Colleges Are Learning to Hold Parents' Hands
SAN DIEGO — Michelle DuBord often is the first person to hear of trouble at San Diego State.
In her campus job, she sometimes gets calls about offbeat problems, like the time a student accidentally dropped a cellphone down an elevator shaft. Her phone also rings with questions about balky Internet service, roommate tensions in the residence halls and difficulties in finding tutors.
But it isn't frazzled freshmen or other antsy undergraduates who keep DuBord busy with those inquiries. It's their parents.
DuBord is one of an emerging breed of American college officials who tends to moms and dads. As San Diego State's coordinator of parent programs, DuBord handles a telephone hotline and e-mail service just for parents, including many who are eager to help their children deal with the hassles of campus life. Among other things, she also organizes parent orientations, meets with the parent advisory board and helps hit up parents for donations.

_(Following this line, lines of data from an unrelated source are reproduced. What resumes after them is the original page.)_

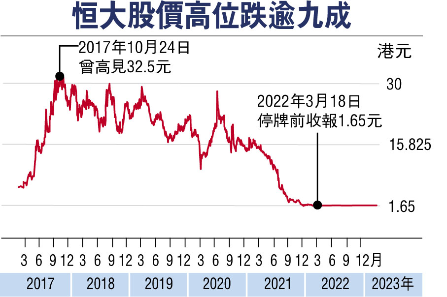 恒大集團曾經是內地最具規模的內房企業之一,惟集團因財困等問題至今停牌近一年,停牌前股價收報1.65元,與恒大股價曾在2017年達到歷史高峰的32.5元比較,股價從高位回落近95%;恒大市值亦由股價高位32.5元時的最高市值約4,291億元,大幅蒸發逾4,000億元,跌至昨日的約217.8億元。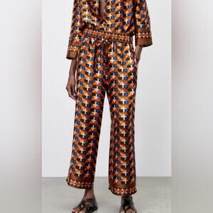 Zara Vibrant Pajama Style Drawstring Elastic Waist Pants Size XS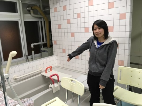 入浴実習室です。実際にお湯を使い、入浴介助の実践授業を受けました。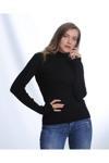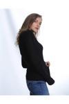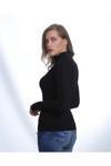 Blue Petrol Kadın Fitilli Vücudu Saran Kolları Tüy Detaylı Balıkçı Yaka Bluz-Kazak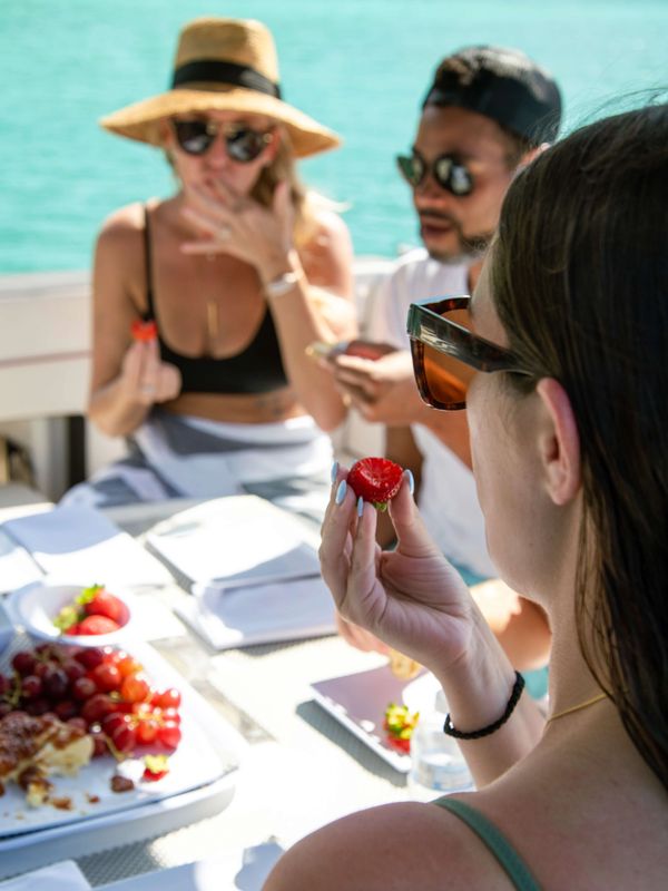 6 Hours. Maximum 6 Guests. Price Includes All Amenities, Beverages & Charcuterie. Optional Perfect Lunch Grilled Aboard, Add $40 per person.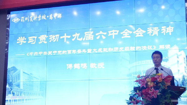 为认真学习贯彻党的十九届六中全会精神,教育引导全体师生坚定不移听党话、矢志不渝跟党走,11月26日,深圳实验学校高中部举行了《学习贯彻十九届六中全会精神》专题报告会,邀请深圳大学马克思主义学院院长傅鹤鸣教授进行《中共中央关于党的百年奋斗重大成就和历史经验的决议》解读专题讲座。讲座由办公室吴平波副主任主持,高中部全体党员、教职工和学生代表参加会议。
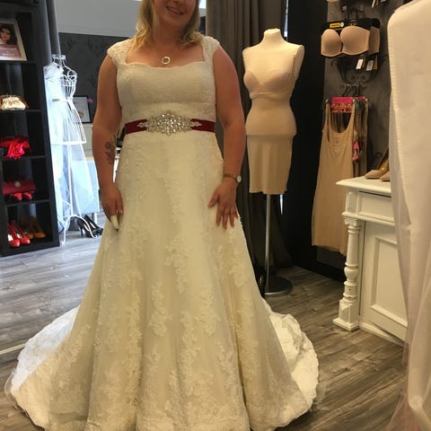 Mermaid fasong, langt slep, perlebroderier på hele kjolen, v-formet rygg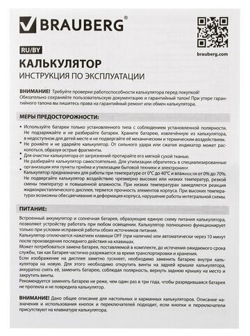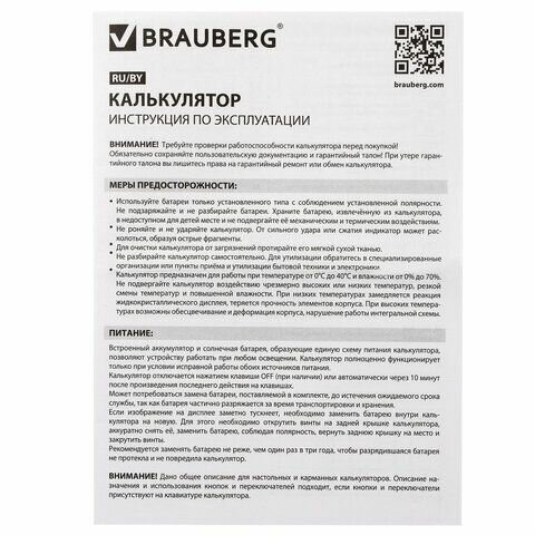 Калькулятор карманный BRAUBERG PK-608-BU (107x64 мм), 8 разрядов, двойное питание, синий, 250519 В комплекте: 1шт.

It's a job that, a generation ago, wasn't on the radar screen. The rise of parent relations specialists in recent years is, in part, an acknowledgment that baby boomers often want to keep running interference for sons and daughters old enough to vote and serve in the military.
College administrators say the kinds of parents who took time to attend their children's school plays and soccer games and helped with their college applications aren't inclined to fade into the background during the kids' college years.
That's true, many administrators say, even for baby boomers who prized their own independence when they went off to college.
Today's parents "are sort of like their kids' managers," said Gwendolyn Jordan Dungy, executive director of the National Assn. of Student Personnel Administrators, an organization of college officials. Dungy said that even though many schools offer "letting go" talks at parent orientations, most baby boomers don't fully take the message to heart.
"It's unrealistic for us to say 'let go' when they drop their kids off at college. They're not going to do it," she said.
These days, nine out of 10 four-year campuses offer special orientations for parents. And about 70% of four-year schools have at least one staffer working full-time or nearly full-time with parents, according to a survey of 607 U.S. schools by the nonprofit advocacy group College Parents of America.